▶ **DIRECTIONS**: This exercise requires an exact output of the listing, images omitted.
****
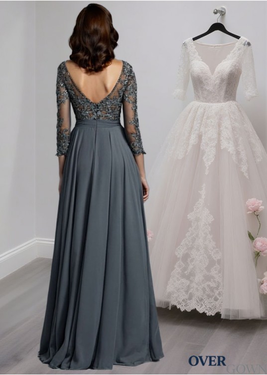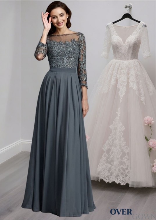 Bateau Neck Chiffon A-Line Mother of the Bride Dress with 3/4 Sleeves
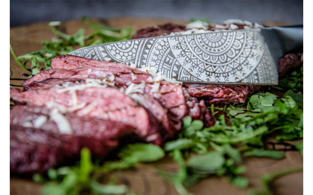 Gute, robuste Messer sind für den bekannten Tattoo Artist Henk Schiffmacher kein Neuland. Dieses Kochmesser ist aus einem Stück massivem deutschen Edelstahl gefertigt und mit einer speziellen Eisenoxidbehandlung geschwärzt. Und es wäre kein Messer von Schiffmacher ohne Tätowierung, oder? “Genau wie der Mensch hat auch das Messer eine Seele. Dieses polynesisch inspirierte Design verkörpert diese Seele und gibt ihr Kraft”.
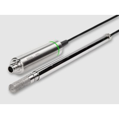 Vaisala DRYCAP® Dew Point and Temperature Probe DMP5 is designed for in-line humidity measurement in industrial drying applications with high temperatures and a wide dew point range. The long and robust steel probe and optional installation flange allow easy installation with adjustable depth to reach through insulation, for example in ovens.
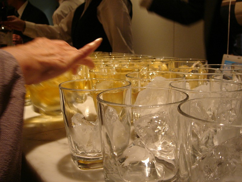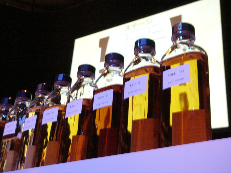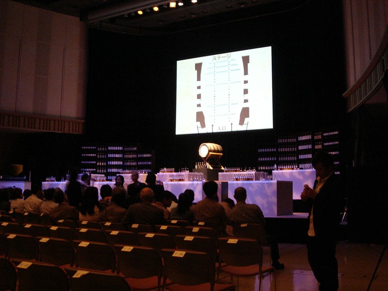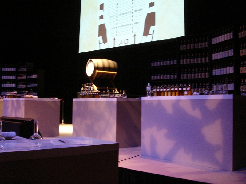 会場は広く、舞台には白い布がかけられたテーブルが並び、それぞれのテーブルの上には、琥珀色の原酒が入った細長いボトルが10本ずつ並んでいた。
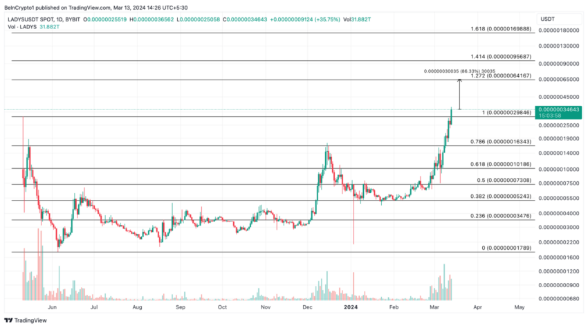 Sin embargo, los analistas emplean los niveles de retroceso de Fibonacci desde los máximos históricos anteriores hasta la parte inferior para predecir posibles resistencias. Existe una resistencia significativa en 0,0000006416 dólar, un nivel clave de Fibonacci de 1,272 dólares. Curiosamente, LADYS podría subir otro 86% antes de toparse con esta resistencia.
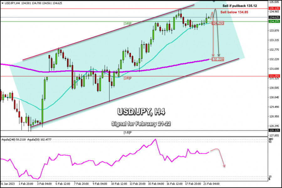 Obchodní signál pro pár USD/JPY na 20.–21. února 2023: prodávejte pod úrovní 134,85 (Murray 3/8 – silná rezistence)
****
▶ **FINAL ANSWER**:
 Bateau Neck Chiffon A-Line Mother of the Bride Dress with 3/4 Sleeves
 Gute, robuste Messer sind für den bekannten Tattoo Artist Henk Schiffmacher kein Neuland. Dieses Kochmesser ist aus einem Stück massivem deutschen Edelstahl gefertigt und mit einer speziellen Eisenoxidbehandlung geschwärzt. Und es wäre kein Messer von Schiffmacher ohne Tätowierung, oder? “Genau wie der Mensch hat auch das Messer eine Seele. Dieses polynesisch inspirierte Design verkörpert diese Seele und gibt ihr Kraft”.
 Vaisala DRYCAP® Dew Point and Temperature Probe DMP5 is designed for in-line humidity measurement in industrial drying applications with high temperatures and a wide dew point range. The long and robust steel probe and optional installation flange allow easy installation with adjustable depth to reach through insulation, for example in ovens.
 会場は広く、舞台には白い布がかけられたテーブルが並び、それぞれのテーブルの上には、琥珀色の原酒が入った細長いボトルが10本ずつ並んでいた。
 Sin embargo, los analistas emplean los niveles de retroceso de Fibonacci desde los máximos históricos anteriores hasta la parte inferior para predecir posibles resistencias. Existe una resistencia significativa en 0,0000006416 dólar, un nivel clave de Fibonacci de 1,272 dólares. Curiosamente, LADYS podría subir otro 86% antes de toparse con esta resistencia.
 Obchodní signál pro pár USD/JPY na 20.–21. února 2023: prodávejte pod úrovní 134,85 (Murray 3/8 – silná rezistence)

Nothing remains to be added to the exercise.